I find it ironic that I am writing about how to do less work on the week of Labor Day, yet this week- something had to give. Finally, in the age of accessibility- I became too accessible, and the noise level got too high. I found myself rescheduling with a client via phone, texting my supervisor my weekly report, all while responding to a request from a new client via email. This was on a Saturday.

I realized, I can’t ask you to be in the present moment if I can’t even be present on the weekends. So in keeping with my own integrity as a therapist (and person), I thought today’s post might be a helpful prompt to those struggling with their own personal “noise,” inspired by my own cacophony of electronic clatter…

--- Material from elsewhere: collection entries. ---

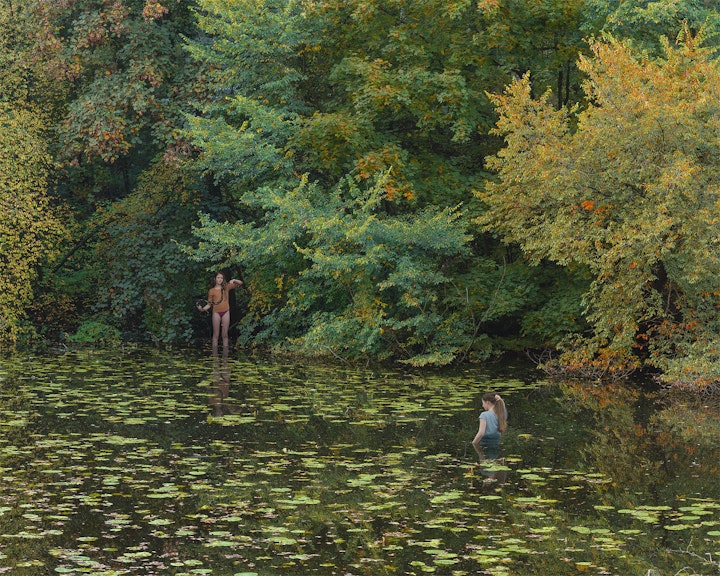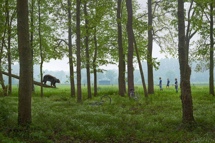 The decor in Pypers’ sculptures is a place where nature and people interact: where figures are in the woods, surrounded by water, or accompanied by an animal. The relationship between man and nature plays a major role in this work. It is surprising, but these forests, waters, animals, and the cinematic image in which they appear in reality show a scale model carefully built by the artist, which he provides with digital post-processing.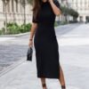 Knitted dress with a straight cut with a feminine leg cutout. The dress has a fitted cut, but not form-fitting. Made of natural, high-quality knit fabric without lining. Leah dress can be worn for many occasions. The classic cut combined with stilettos will create a look perfect for special occasions. Worn with boots/boots or flip-flops it will work well in casual styling. Dress designed and sewn in Poland.
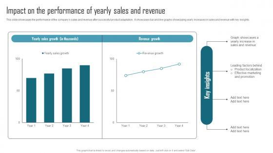 This slide showcases the performance of the companys sales and revenue after successful product adaptation.. It showcases bar and line graphs showcasing yearly increases in sales and revenue with key insights. Retrieve professionally designed Effective Product Adaptation Impact On The Performance Of Yearly Sales And Revenue Introduction PDF to effectively convey your message and captivate your listeners. Save time by selecting pre-made slideshows that are appropriate for various topics, from business to educational purposes. These themes come in many different styles, from creative to corporate, and all of them are easily adjustable and can be edited quickly. Access them as PowerPoint templates or as Google Slides themes. You do not have to go on a hunt for the perfect presentation because Slidegeeks got you covered from everywhere. This slide showcases the performance of the companys sales and revenue after successful product adaptation.. It showcases bar and line graphs showcasing yearly increases in sales and revenue with key insights.

Not too long ago, in the days of hypercolor and geometrically shaped accessories- we used to have to wait to get in to work before actually working. We did not have the “luxury” of checking our voicemail or emails until we were actually sitting at our desk in front of our commodore 64’s (as an aside, I was not doing much outside of helping Barbie find a date and playing Ducks Ahoy when I had a Commodore 64).

Nowadays, we don’t even have to go to work. We can send emails, texts, video chat, hold global conference calls- all from the comfort of our pj’s and papasans. We can send important documents, reschedule with a client, follow up on a voicemail- during the time it takes to switch sides of the volleyball court and start a new game. But are we still having fun?

Sometimes, we fool ourselves into thinking that we are getting more work done and having more fun, when we actually end up being more reactive, doing more work than we need to, and drowning out our fun in a flurried flood of electronic chatter. We become addicted to being accessible.

In a 200 person studyin Britain, Renaud and Ramsay found that people who are excessively reactive to email, are actually less productive then their less compulsive cohorts. They also found that more than a third checked their inbox every 15 minutes, while some were caught checking up to 40 times in one hour.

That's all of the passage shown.